◆ Assigned task:
Print out the data precisely as it appears here, with no pictures.

◆ Recorded information:
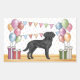 A ilustração original do desenho de Destei de um lindo cão negro da raça Labrador Retriever. O cão é colocado num ambiente de aniversário colorido com balões de aniversário de cor pastel, presentes e uma faixa de bunting. As cores pastel incluem rosa, verde, azul, vermelho, laranja e roxo. O cachorro está parado sobre uma textura amarela de chão de madeira e o fundo tem um padrão de bolinhas pastel lúcido.
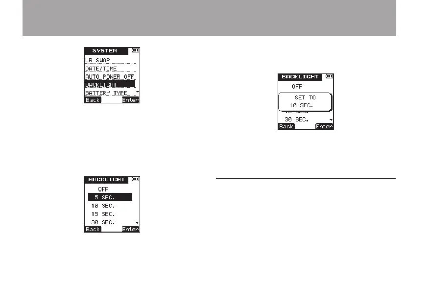 Options: OFF (backlight does not turn OFF),
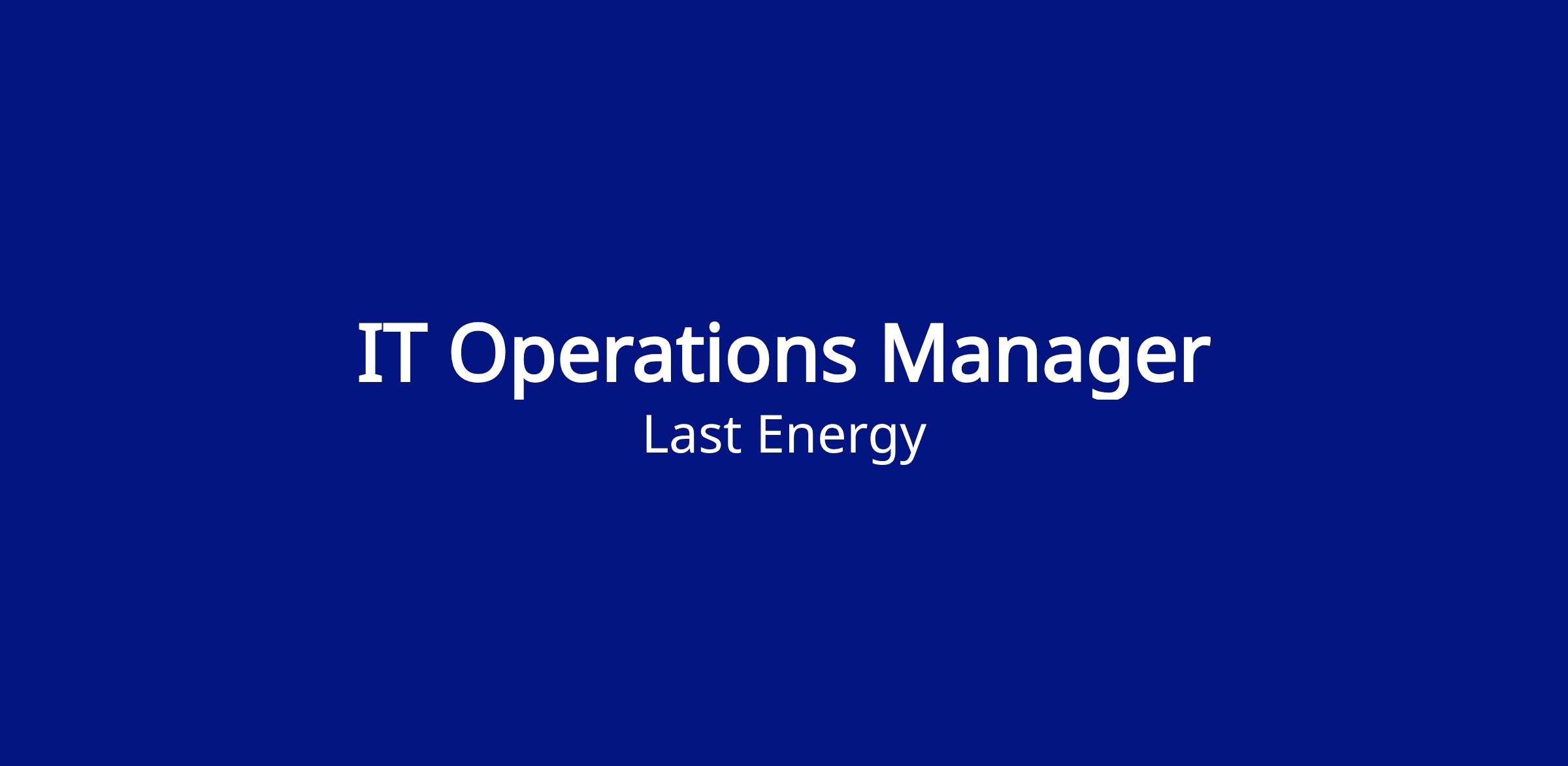 The IT Operations Manager is a senior individual contributor responsible for stabilizing, securing, and evolving Last Energy’s IT operational foundation. This role focuses on hands-on execution across infrastructure, identity, endpoint management, and operational processes, enabling the IT function to scale securely in a high-growth, regulated environment.

◆ Answer section:
 A ilustração original do desenho de Destei de um lindo cão negro da raça Labrador Retriever. O cão é colocado num ambiente de aniversário colorido com balões de aniversário de cor pastel, presentes e uma faixa de bunting. As cores pastel incluem rosa, verde, azul, vermelho, laranja e roxo. O cachorro está parado sobre uma textura amarela de chão de madeira e o fundo tem um padrão de bolinhas pastel lúcido.
 Options: OFF (backlight does not turn OFF),
 The IT Operations Manager is a senior individual contributor responsible for stabilizing, securing, and evolving Last Energy’s IT operational foundation. This role focuses on hands-on execution across infrastructure, identity, endpoint management, and operational processes, enabling the IT function to scale securely in a high-growth, regulated environment.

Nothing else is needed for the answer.